Print each line exactly, from the one with "Vkladačka Zvieratá Drevený" to the very last line of the listing, and keep the pictures out.
*** Provided entries Section Begins ***
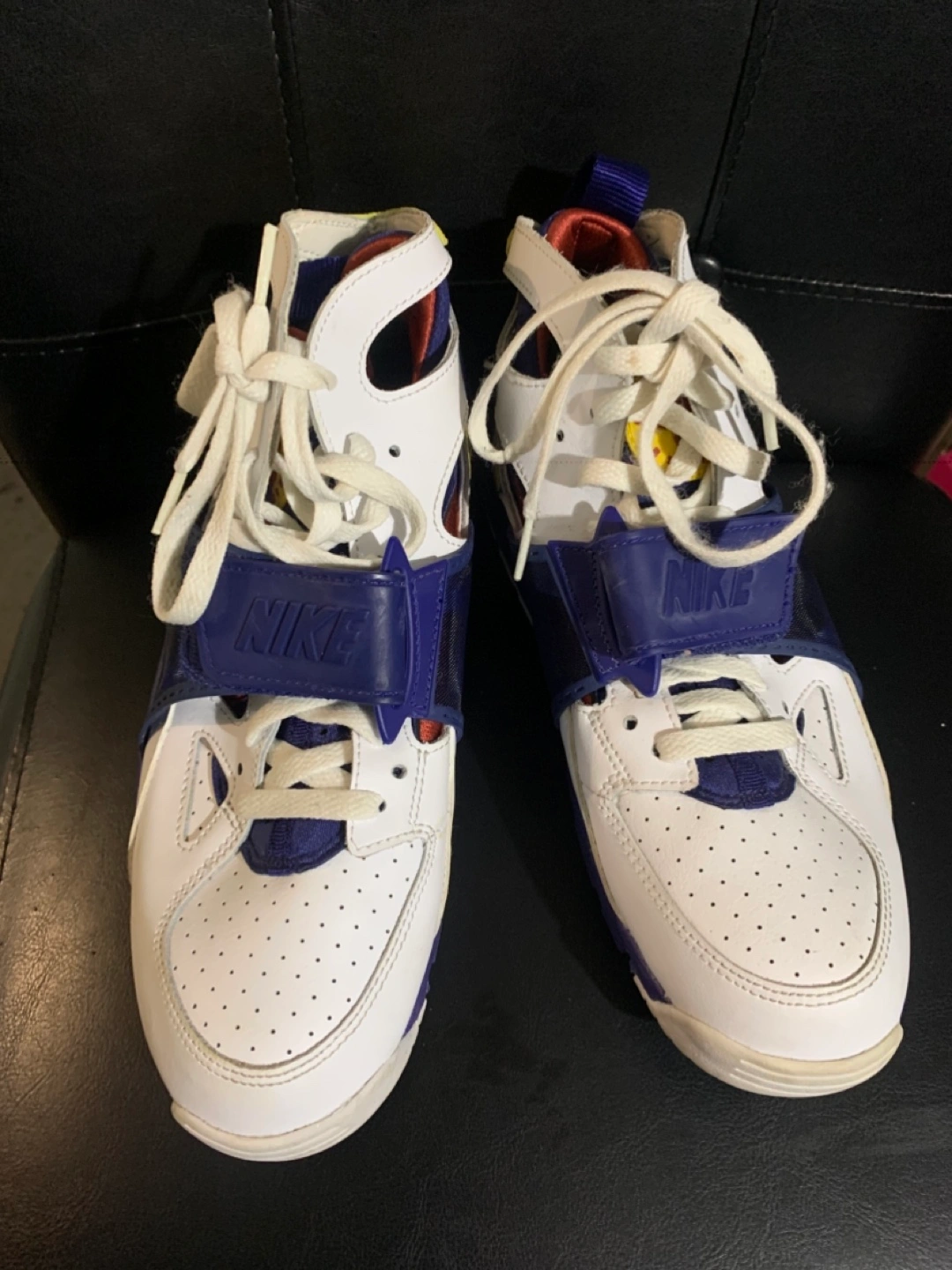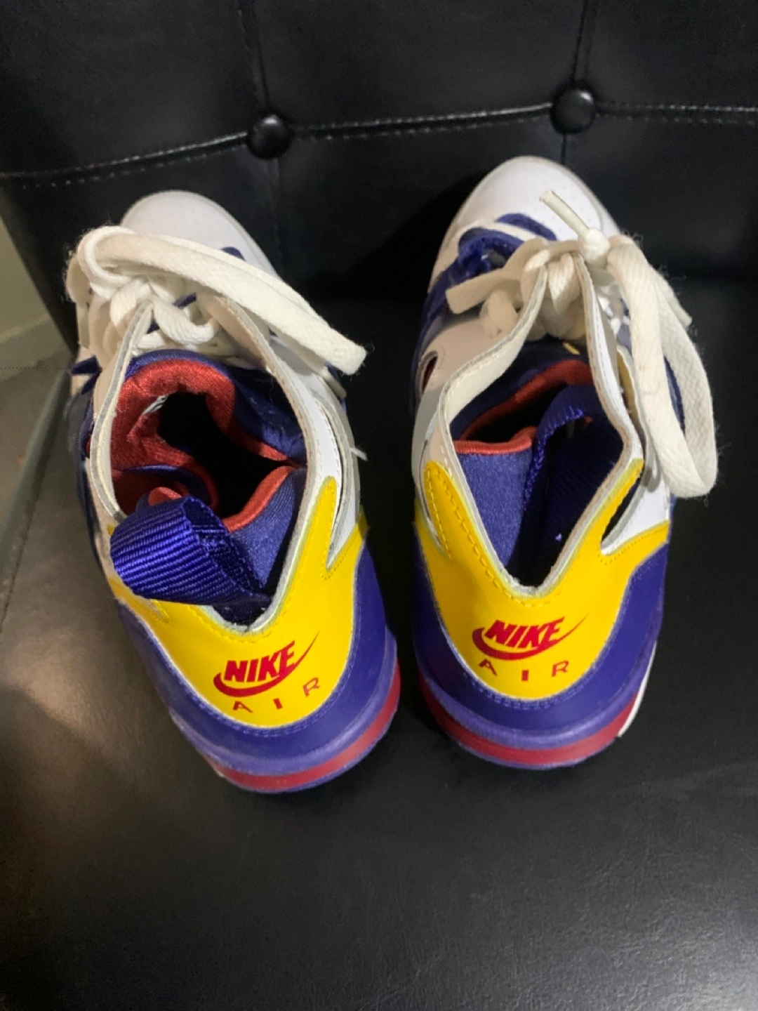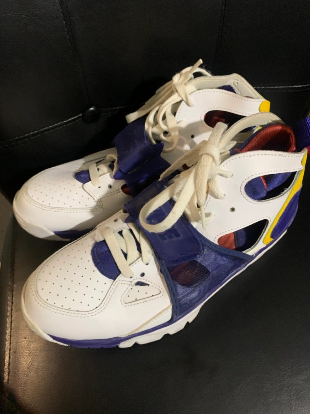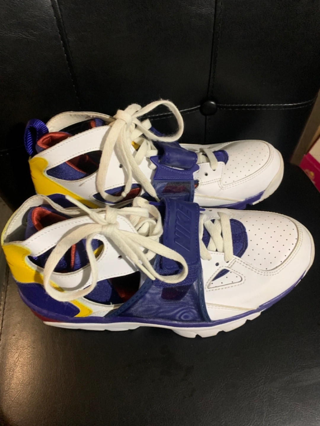 Pre-owned Nike Air Flight Huarache sneakers. White, purple, and yellow colourway. High-top design with adjustable straps. Lace-up closure. Show some wear.
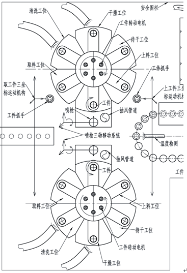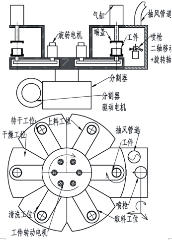 其重要功能是將瓷坯噴涂流程中的上料、噴涂、取料、清洗、干燥和待干六個(gè)工位設(shè)置在旋轉(zhuǎn)系統(tǒng)上,形成環(huán)形流水線,每個(gè)工位的總工作時(shí)間一定,由噴涂工位時(shí)間確定。他們的并列同時(shí)運(yùn)行將大大提高噴涂效率,縮短工作時(shí)間;六工位旋轉(zhuǎn)系統(tǒng)主要由分割器、轉(zhuǎn)盤(pán)、氣電滑環(huán)、工件轉(zhuǎn)動(dòng)機(jī)構(gòu)、噴涂護(hù)罩等構(gòu)成。
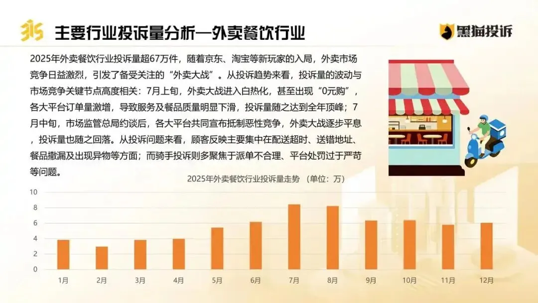 2025年外卖餐饮行业投诉量超67万件,随着京东、淘宝等新玩家的入局,外卖市场竞争日益激烈,引发了备受关注的“外卖大战”。从投诉趋势来看,投诉量的波动与市场竞争关键节点高度相关:7月上旬投诉量达到全年顶峰。从投诉问题来看,顾客反映主要集中在配送超时、送错地址、餐品撒漏及出现异物等方面;而骑手投诉则多聚焦于派单不合理、平台处罚过于严苛等问题。
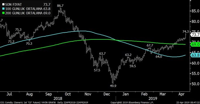 Vadeli petrol kontratları Londra'da yüzde 3.3 kadar yükselerek Kasım başından bu yana gün içi en yüksek seviyesine çıktı. Konu hakkında bilgiye sahip dört kaynağa göre, Dışişleri Bakanı Mike Pompeo Pazartesi günü, İran'dan petrol alımına ilişkim muafiyetin yenilenmeyeceği yönündeki kararı açıklayacak. ABD ayrıca, İran kararı sonrası piyasada doğabilecek açığı kapatmak için Suudi Arabistan ve Birleşik Arap Emirlikleri gibi diğer büyük petrol tedarikçilerinden gelecek taahhütleri de duyuracak.
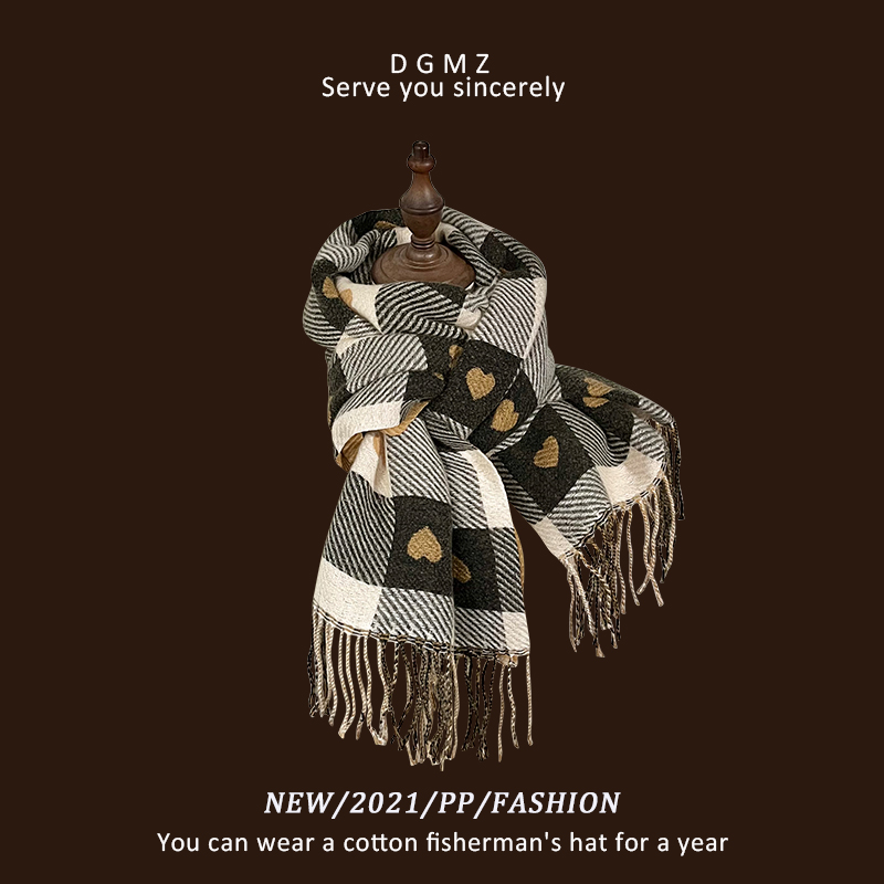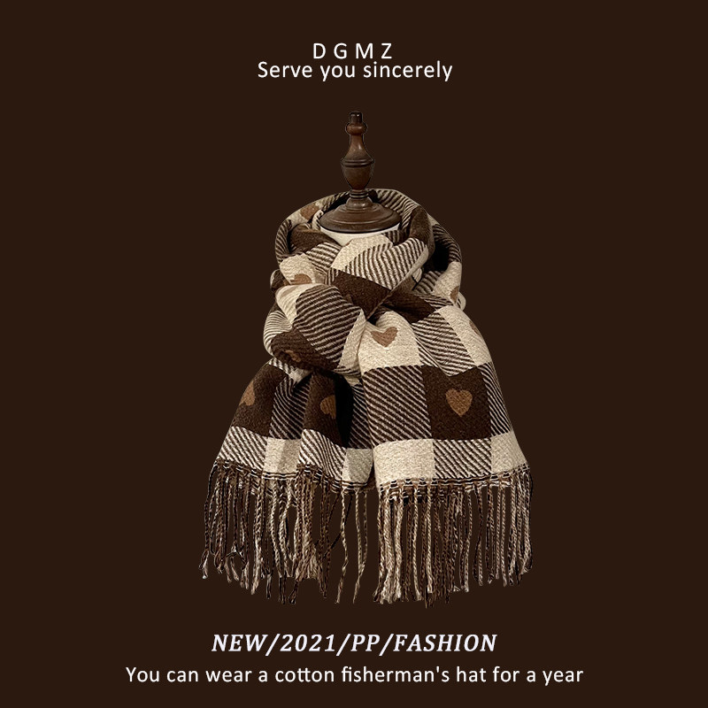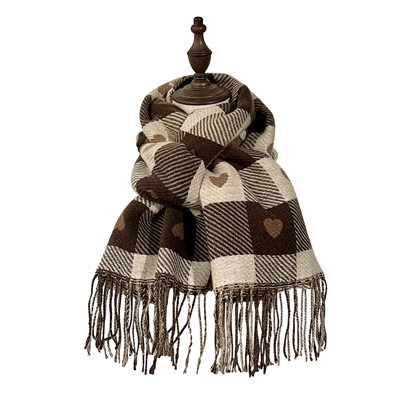 Кофейный цветной демисезонный шарф, универсальная удерживающая тепло цветная накидка для школьников с кисточками, в корейском стиле, увеличенная толщина
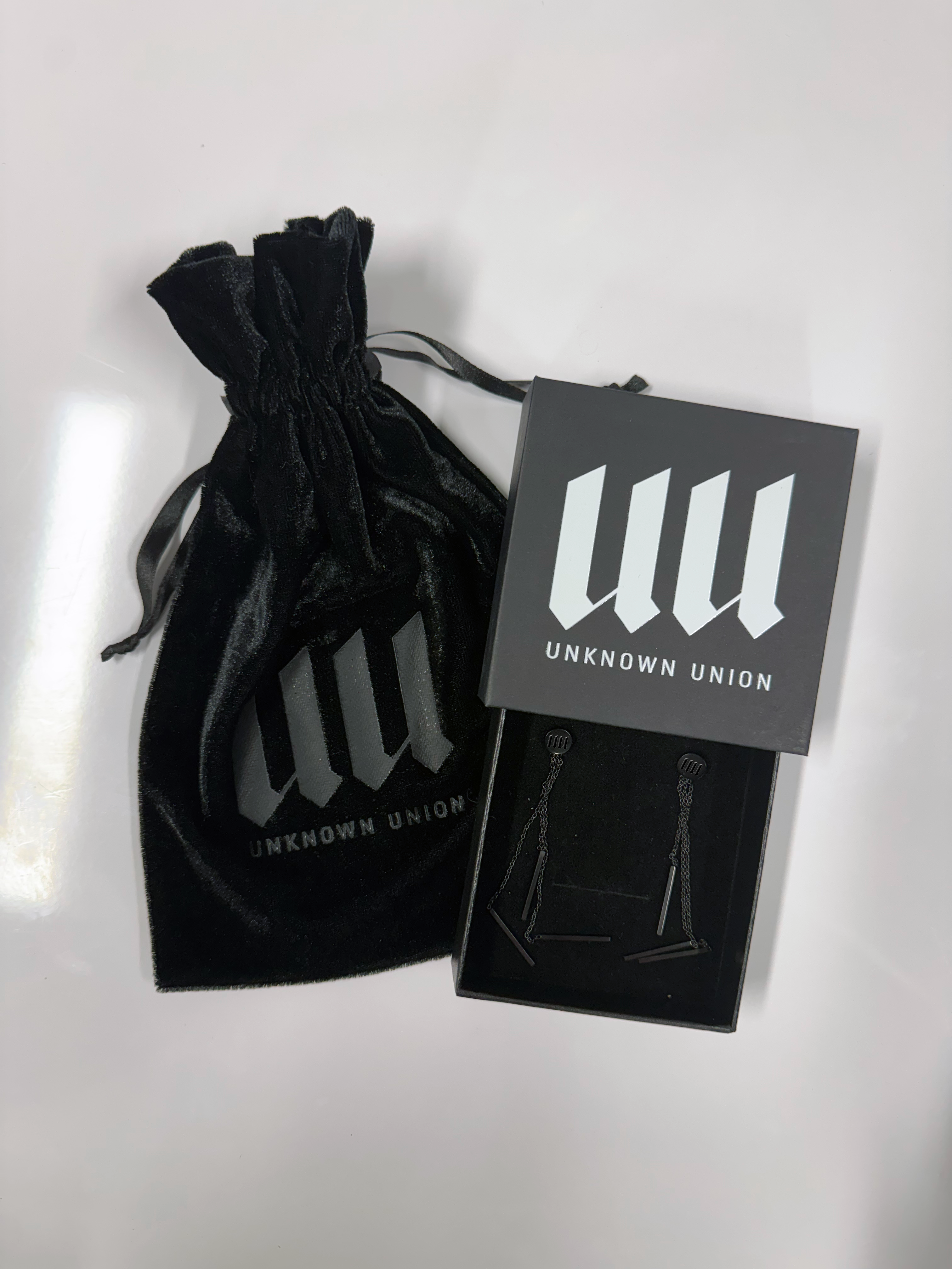 Echoing the steady rhythm of time, these earrings feature the UU emblem embossed on a circular post, with three delicate chains that fall into sleek metal bars. Like pendulums in motion, they serve as a reminder that every moment — like every story — swings into the next, shaping the rhythm of our shared journey.
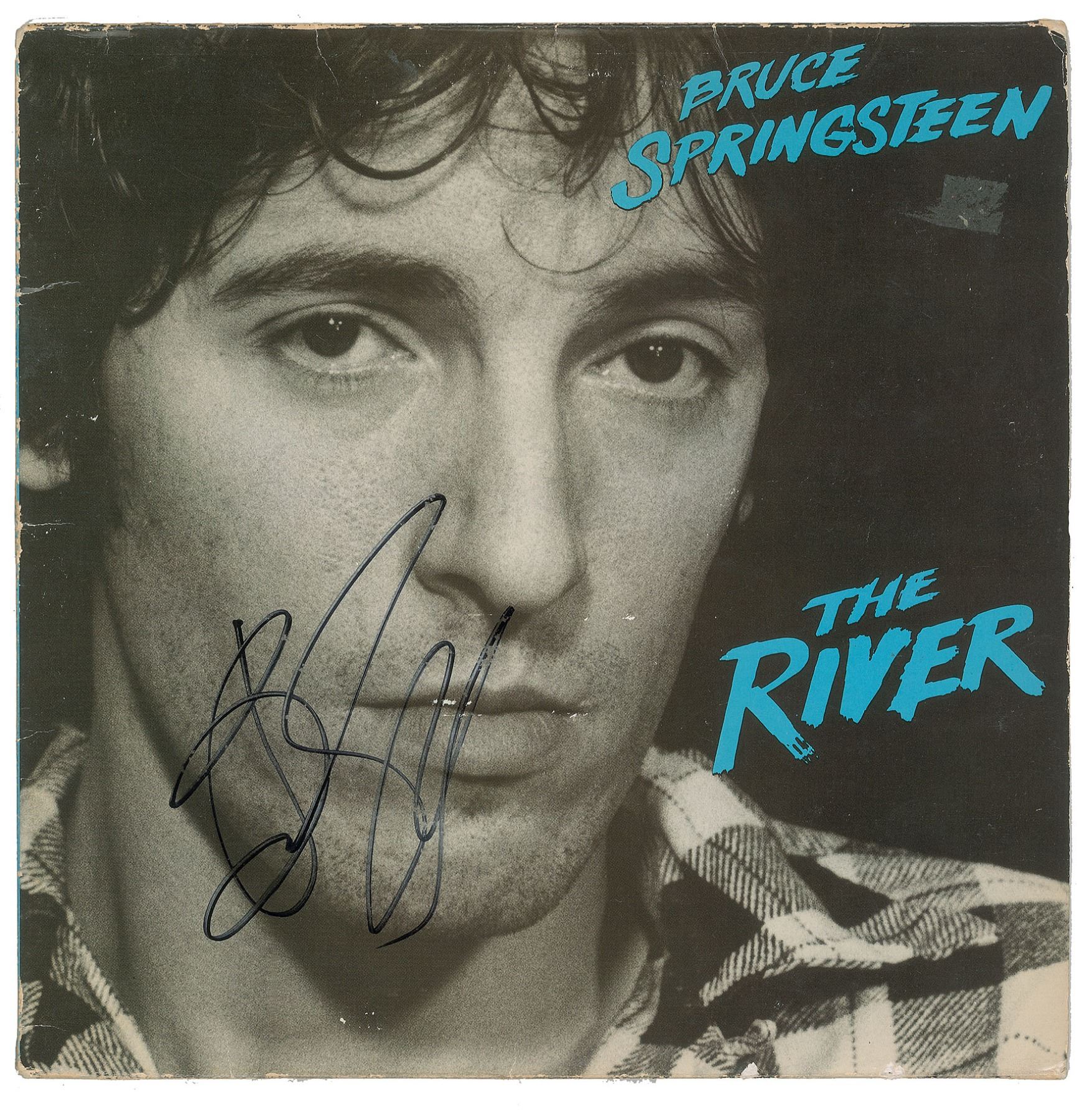 The River album signed on the front cover in black felt tip by Springsteen. In very good condition, with creasing, edge wear, and old price sticker residue. The record is not included.
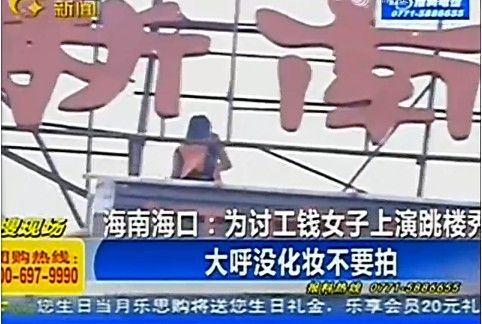 法制晚報:【女子跳樓見記者拍攝:“我沒化妝不要拍”】近日,??谝幻訛橛懝ゅX上演跳樓秀。她坐在大樓樓頂?shù)膹V告牌前,用手抓住廣告牌鐵架,神情激動。警方和救護(hù)人員做好準(zhǔn)備隨時出動救援。見到記者拍攝,女子大喊:不要拍了!我今天沒有化妝,不夠漂亮,很難看!
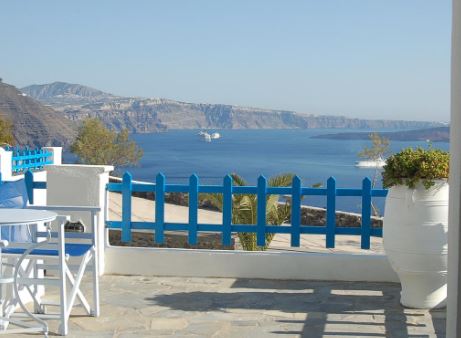 Ubicado en lo alto de un acantilado con vistas a la hermosa caldera de Santorini, en la lo...
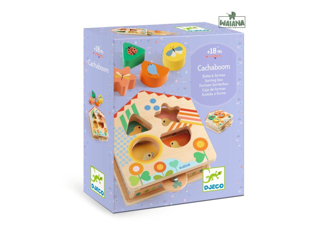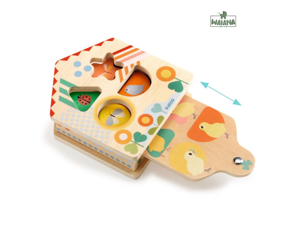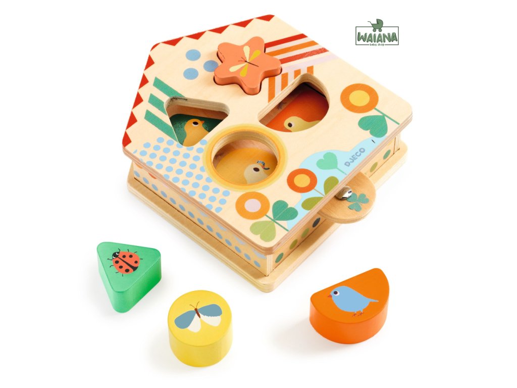 Vkladačka Zvieratá Drevený triediaci box v tvare domu Tento drevený triediaci box v tvare domu je ideálny pre deti od 18 mesiacov. Dieťatka zabaví vkladanie štyroch geometrických kúskov do zodpovedajúcich otvorov. Tento zábavný a vzdelávací produkt podporuje rozvoj jemnej motoriky a koordinácie očí a rúk. Keď dieťa zatiahne za uško, uvidí, ako všetky kúsky zmiznú naraz. Stačí opäť zatlačiť na uško a kúsky sa znova objavia mimo krabice, čo umožňuje opakovanú hru a nekonečnú zábavu.Z certifikovaného dreva pre bezpečnú hru Táto robustná vkladačka je vyrobená z kvalitného dreva s certifikátom FSC®, čo zaručuje bezpečnosť a ekologickú zodpovednosť. Kúsky sú navrhnuté tak, aby ich malé detské rúčky ľahko uchopili. Obsah balenia• jeden triediaci box • 4 geometrické tvary
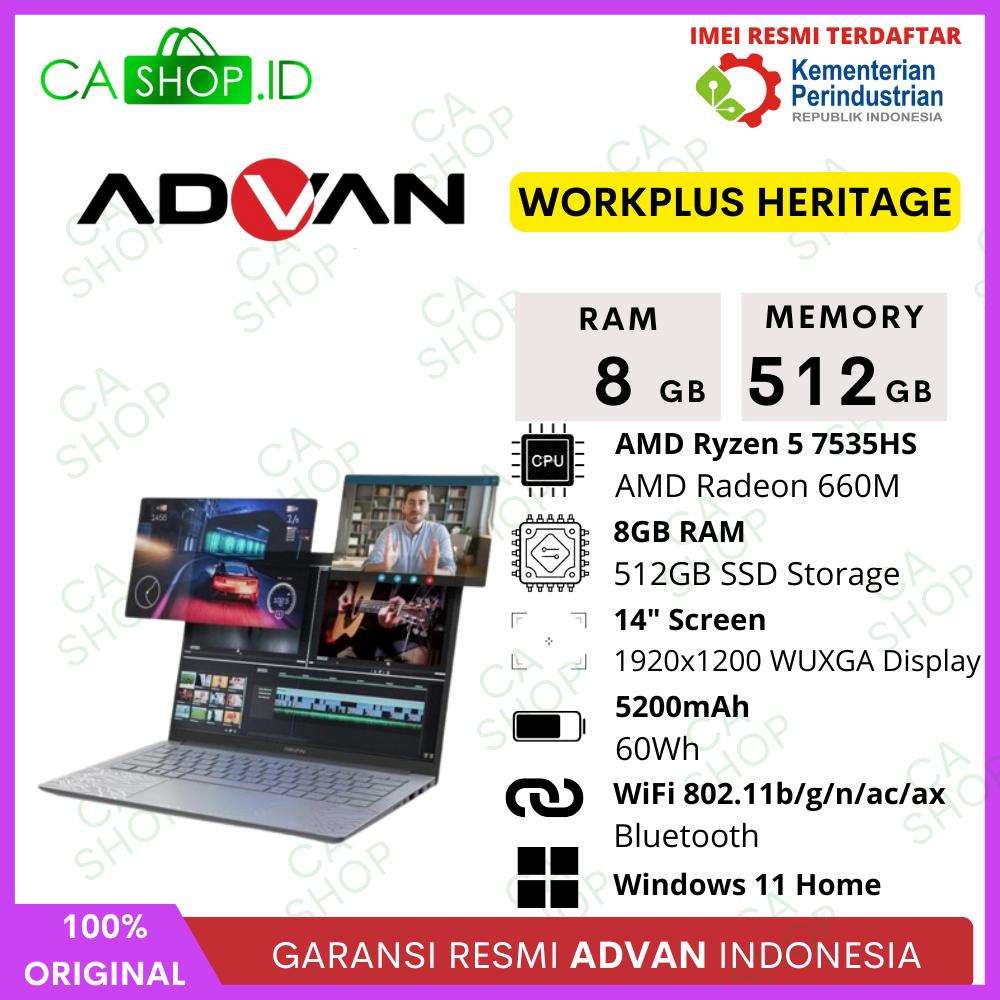 Laptop Advan Workplus Heritage RAM 8GB / 16GB 512GB SSD Notebook Ryzen Windows 11 New Original Garansi Resmi
*** Provided entries Section Ends ***
:: Answer space ::
 Vkladačka Zvieratá Drevený triediaci box v tvare domu Tento drevený triediaci box v tvare domu je ideálny pre deti od 18 mesiacov. Dieťatka zabaví vkladanie štyroch geometrických kúskov do zodpovedajúcich otvorov. Tento zábavný a vzdelávací produkt podporuje rozvoj jemnej motoriky a koordinácie očí a rúk. Keď dieťa zatiahne za uško, uvidí, ako všetky kúsky zmiznú naraz. Stačí opäť zatlačiť na uško a kúsky sa znova objavia mimo krabice, čo umožňuje opakovanú hru a nekonečnú zábavu.Z certifikovaného dreva pre bezpečnú hru Táto robustná vkladačka je vyrobená z kvalitného dreva s certifikátom FSC®, čo zaručuje bezpečnosť a ekologickú zodpovednosť. Kúsky sú navrhnuté tak, aby ich malé detské rúčky ľahko uchopili. Obsah balenia• jeden triediaci box • 4 geometrické tvary
 Laptop Advan Workplus Heritage RAM 8GB / 16GB 512GB SSD Notebook Ryzen Windows 11 New Original Garansi Resmi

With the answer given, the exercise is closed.